» Task objective:
Go through the listing that follows and write it out exactly. Drop the pictures.

[[ Recorded information open ]]

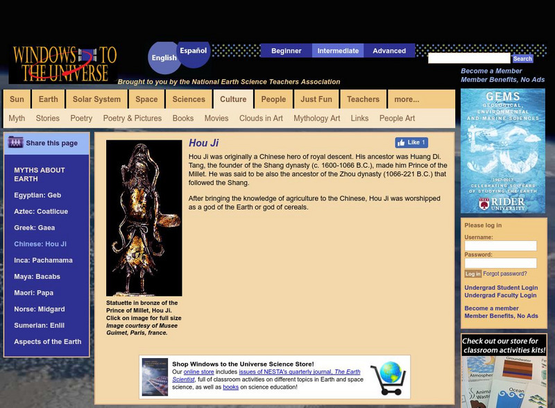 Find out more about Hou Ji by using this website. "After bringing the knowledge of agriculture to the Chinese, Hou Ji was worshiped as a god of the Earth or god of cereals."
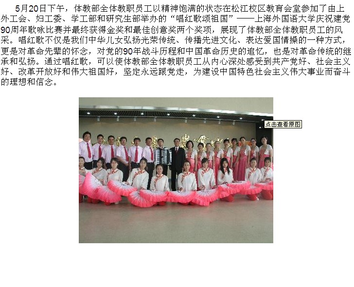 唱红歌 颂祖国——体教部直属党支部参加校庆祝建党90周年歌咏比赛
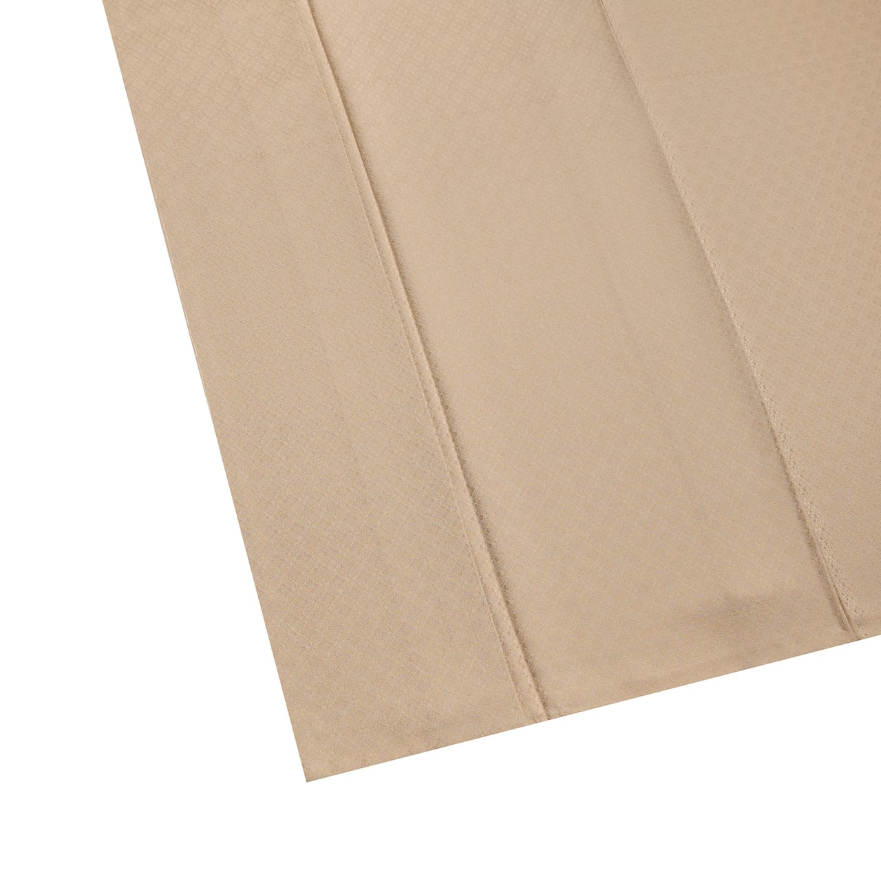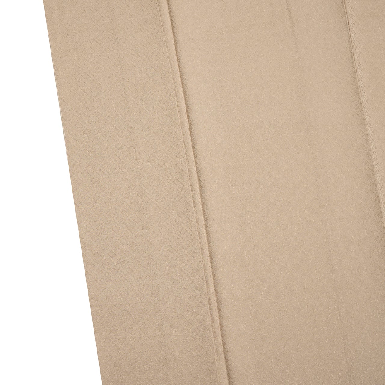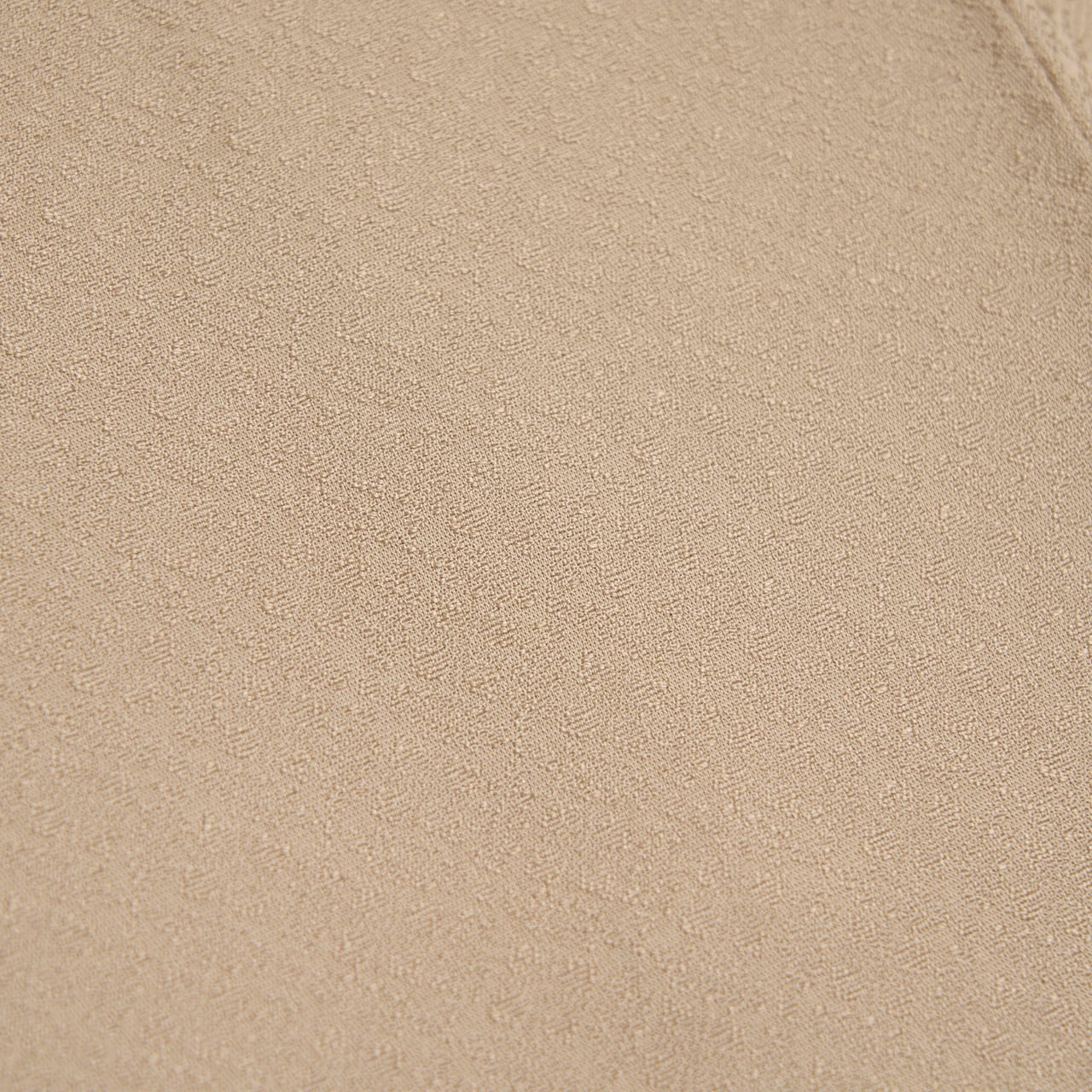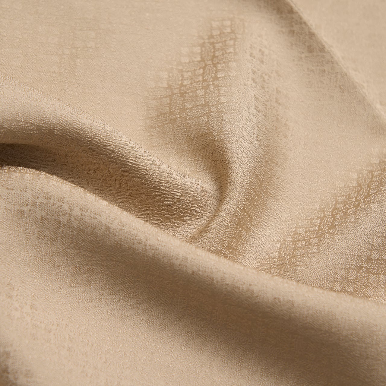 模様の一辺が1cmちょっとくらいの大きさの小葵文様が連続して織り込まれた紋意匠の生地が、淡く明るめのベージュ・亜麻色に染められた、有職文様ならではのとても気品の感じられる素敵な地紋無地のお着物です。
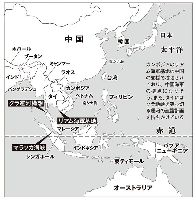 カンボジアのリアム海軍基地は中国の支援で拡張されており、中国海軍の拠点になりそう。また、タイにはクラ地峡を突っ切る運河の建設計画を持ちかけている

[[ Recorded information closed ]]

» Response to the task:
 Find out more about Hou Ji by using this website. "After bringing the knowledge of agriculture to the Chinese, Hou Ji was worshiped as a god of the Earth or god of cereals."
 唱红歌 颂祖国——体教部直属党支部参加校庆祝建党90周年歌咏比赛
 模様の一辺が1cmちょっとくらいの大きさの小葵文様が連続して織り込まれた紋意匠の生地が、淡く明るめのベージュ・亜麻色に染められた、有職文様ならではのとても気品の感じられる素敵な地紋無地のお着物です。
 カンボジアのリアム海軍基地は中国の支援で拡張されており、中国海軍の拠点になりそう。また、タイにはクラ地峡を突っ切る運河の建設計画を持ちかけている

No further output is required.